Saw a video the other day that was centered around a taste-test of a clear pumpkin pie. I didn't actually watch the video, I saw the thumbnail. I tend to avoid online videos because 90% of them seem to be comprised of n white dudes who would have been obnoxious coke-addled DJs if computer technology hadn't come along to save them.

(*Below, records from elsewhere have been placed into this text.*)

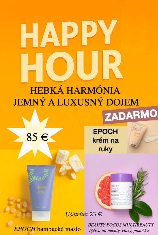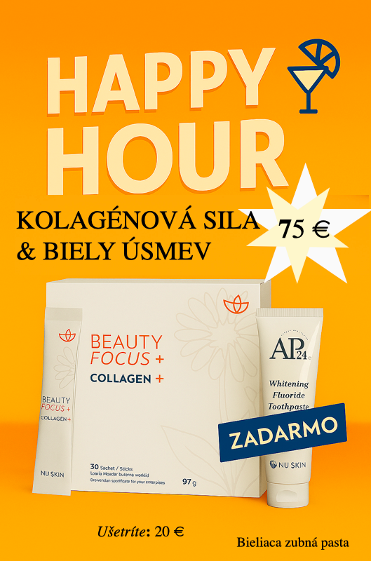 Dopraj si chvíľku pre seba a objav silu produktov, ktoré rozžiaria tvoju pleť, posilnia tvoje vlasy a nechty – a navyše ti vyčaria úsmev. V rámci limitovanej Happy Hour ponuky ti prinášame štyri exkluzívne balíky, ktoré kombinujú krásu zvnútra aj zvonka. A ako bonus? Darčeky ZADARMO, ktoré potešia tvoju pokožku aj zuby!
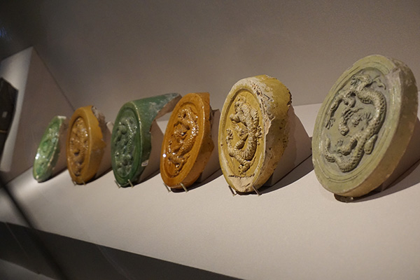 明代保存至今的琉璃瓦的部件,如下面的鳳紋、龍紋滴水,各種顏色的琉璃龍紋勾頭依舊上的龍、鳳紋雕花依舊清晰,且顏色褪去以后,別有一種不同于今天琉璃瓦部件的古樸。琉璃瓦的部件
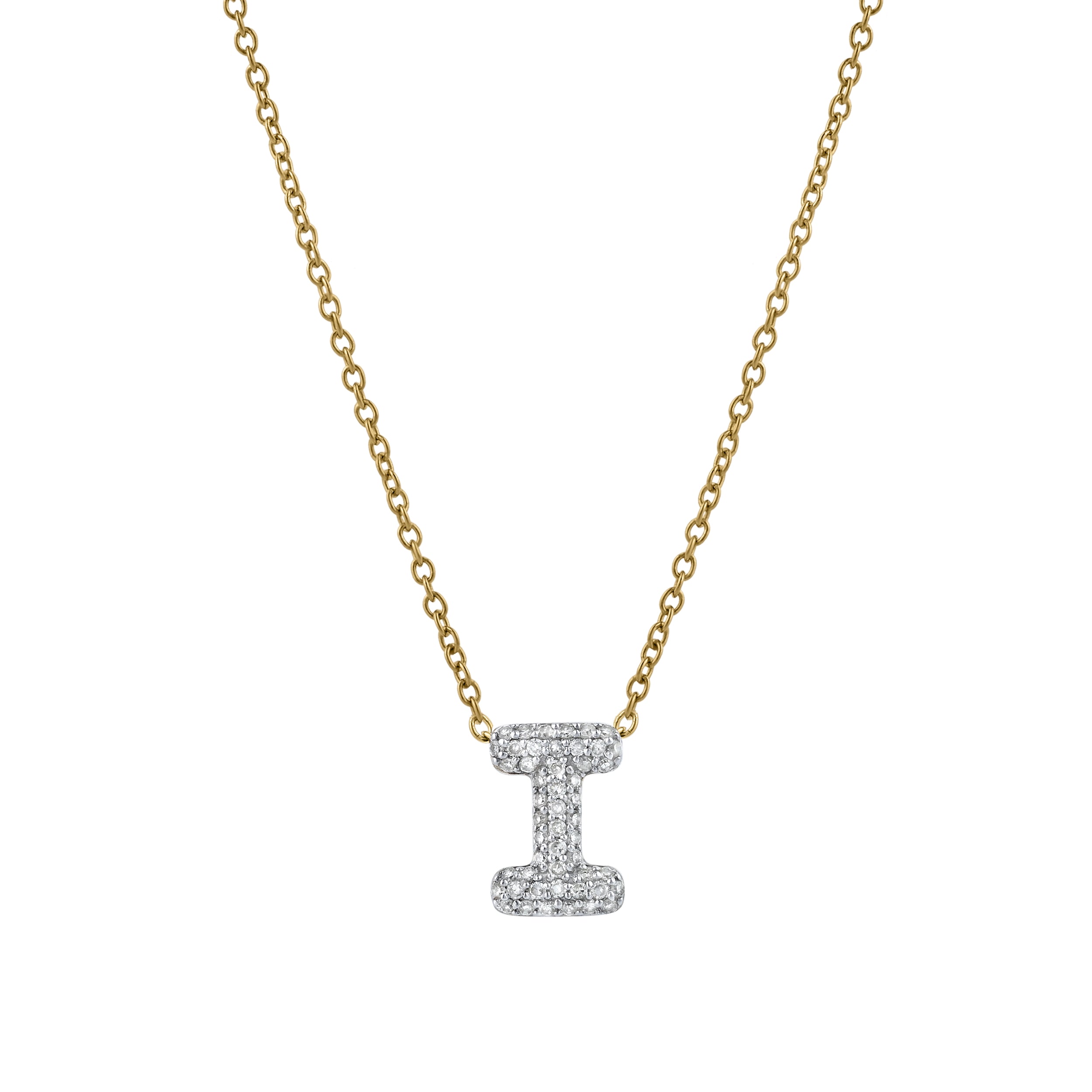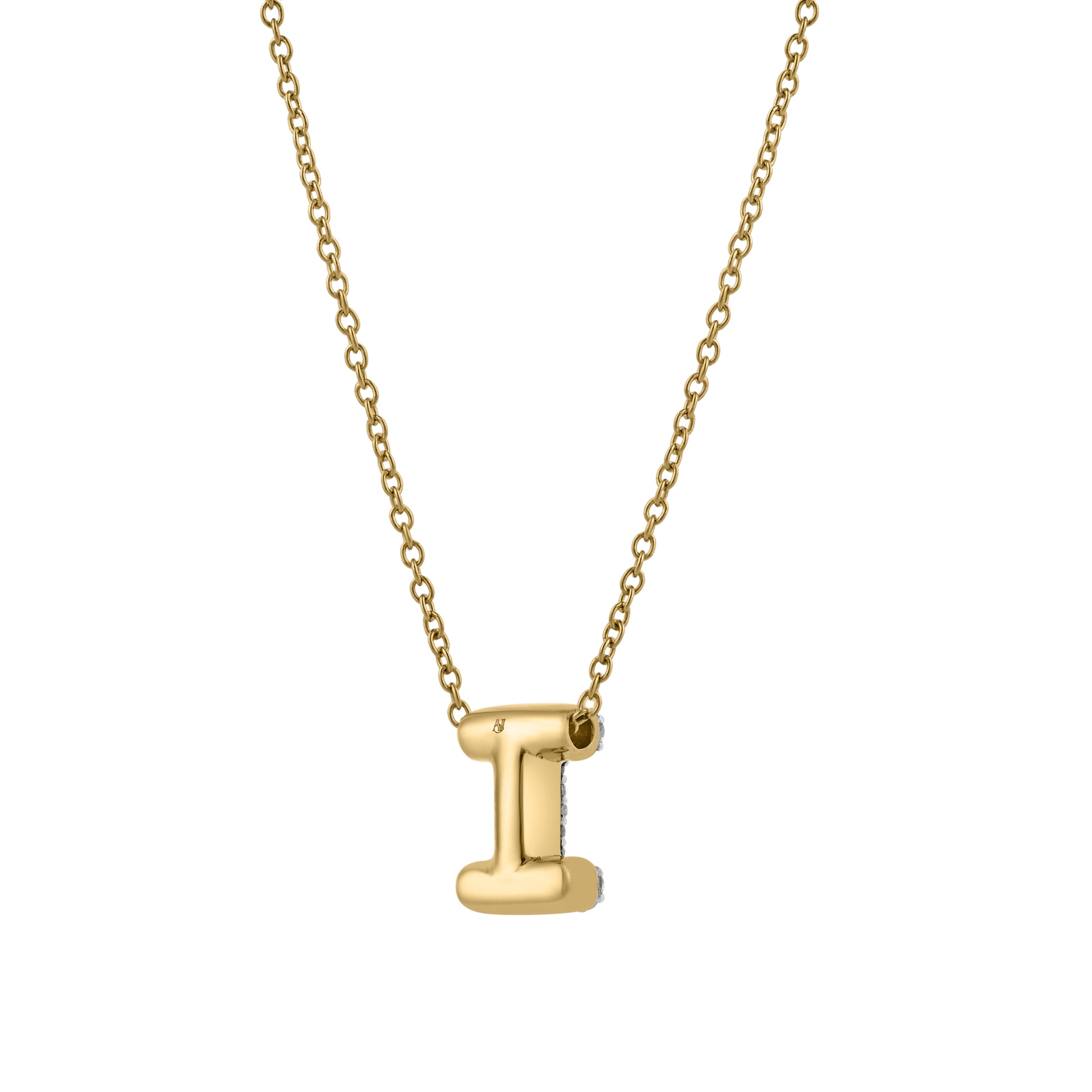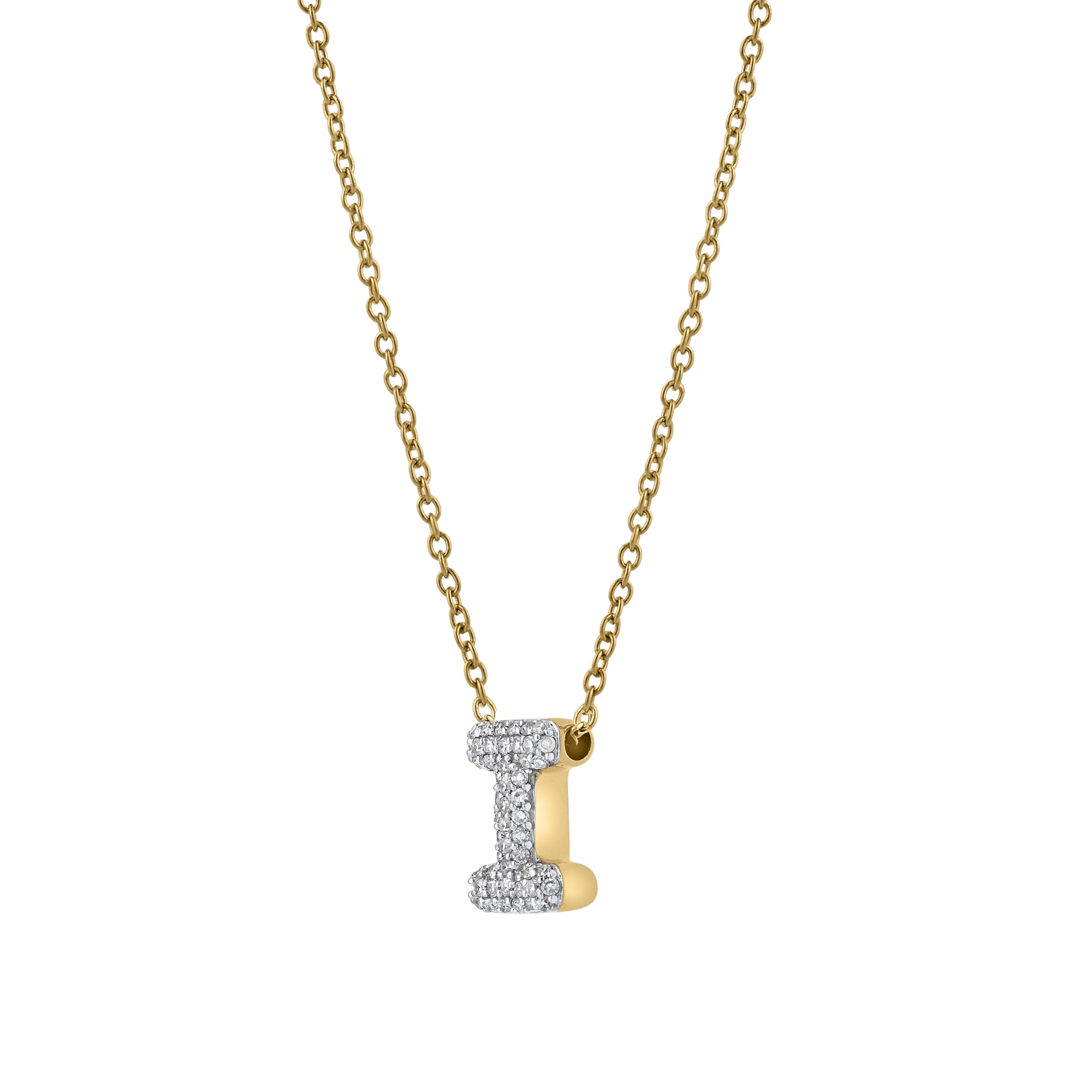 Bubble Initial Diamond Letter Pendant in 14K Yellow Gold - I
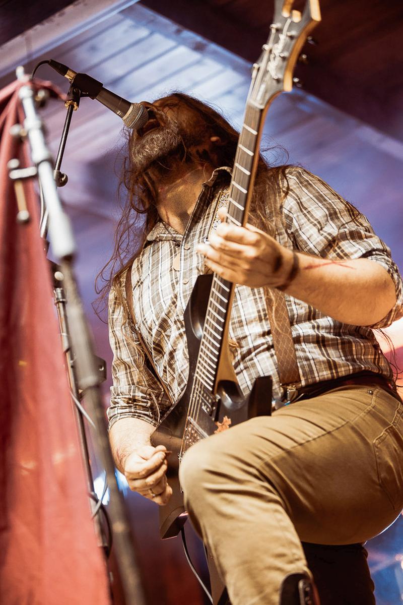Als gebürtiger Thüringer schwillt mir beim Klang von Mosaic und ihrer Supreme Thuringian Folklore ein wenig die Brust an. Ein wenig Heimat in Black Metal gekleidet und schon kann für mich ein gutes Konzert beginnen. Einen kleinen Pluspunkt haben sie sich wegen der Herkunft verdient, aber den großen Pluspunkt gebe ich ihnen für ihre Bühnendarstellung und die Grundidee hinter der Band. Mit graugefärbten Haaren steht der Gründer von Mosaic, Martin von Falkenstein, dort und präsentiert Black Metal mit traditionellen Folk-Elementen und bietet eine romantisierte Darstellung vom Thüringen der Großeltern und Ur-Großeltern und ist mit diesem Thema ein seltenes Gut im deutschen Black Metal.
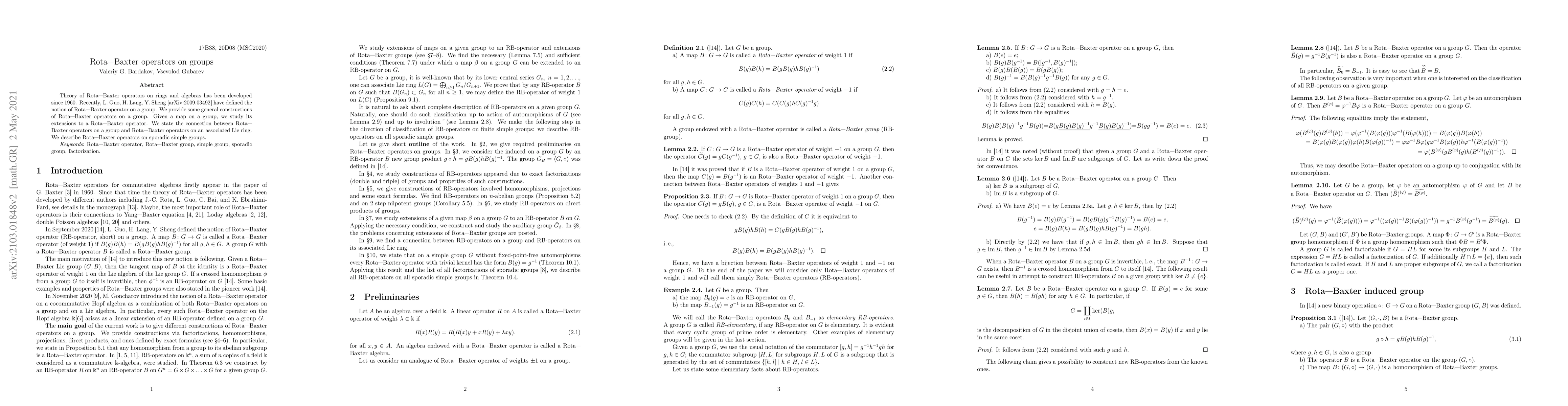 This paper explores the extension of Rota-Baxter operators, originally defined for rings and algebras, to groups, establishing constructions and connections to associated Lie rings. It also examines Rota-Baxter operators on sporadic simple groups.

I think this pumpkin pie heralds a future innovation no one is talking about: clear skin. See-through. You take a pill, a day later you can see inside you.

I'd do it, being able to self-monitor your organs overrides any sort of negative consequences, like other people being able to see your organs.


Message sent to friends:

Tiny Target Jr is giving out gift bags today because I don't know why even though at least two of the products make reference to the school year? It's November? I don't want:

+ Justin's Almond Butter
+ One small stick of Trident gum (come on Trident)
+ Ibuprofen PM 80 caplets (compare to active ingredients in Advil(R) PM Caplets)
+ Dentek Triple Clean Floss Picks (3)
+ Pantene Hair Spray (1 oz)
+ Hask Argan Oil (from Morocco(R)) "Repairing Deep Conditioner" (1.75 oz)
+ St. Ives Apricot Scrub (1 oz)
+ Acure Foam Cleansing Gel (1 fl. oz.)
+ Herbal Essences bio:renew argan oil (FROM MOROCCO AGAIN!(R)) (1.4 fl. oz.)
+ Coupon for One (1) FREE Sparkling Ice(R)
+ Not The Candy I Took The Candy
+ Axe Daily Fragrance PHOENIX PROJECT 2000 (1 oz.)
+ Axe Body Wash PHOENIX PROJECT 2000 (3 fl. oz.)
+ Also I took the two "Acroball PURE WHITE" pens even though they're "BLACK ADVANCED INK" (it's like ink but it's more)
+ Target-branded Target Bag From Target

so if you want then that
hahahaa "Mrs. Thinster's Cookie Thins Chocolate Chip"
"best by 9/21/17"

it's like i go into stores w/this glazed-over post-capitalist zombie look and they smell fear now

if i die arrest mrs. thinster


I have secured a location in the bay area for my meatself and am in the process of moving to it over the next week or so. It's accompanied by a general sort of endless nauseous feeling, because it's clear I hit the apogee of my bay area living experience years ago. I can't keep up with all the exciting rocket-like innovations in pricing with this area, so instead of waiting for dotbombv2.0 to wave off the hordes of Uhaul trucks clogging up East 580, I'll be the one leaving. A year, two years. Find some cheap property, cram a cabin into a hillside, grow a long beard, get off my land, die. Dude still owes me five bucks, I'm taking this hammer and the big Faile book.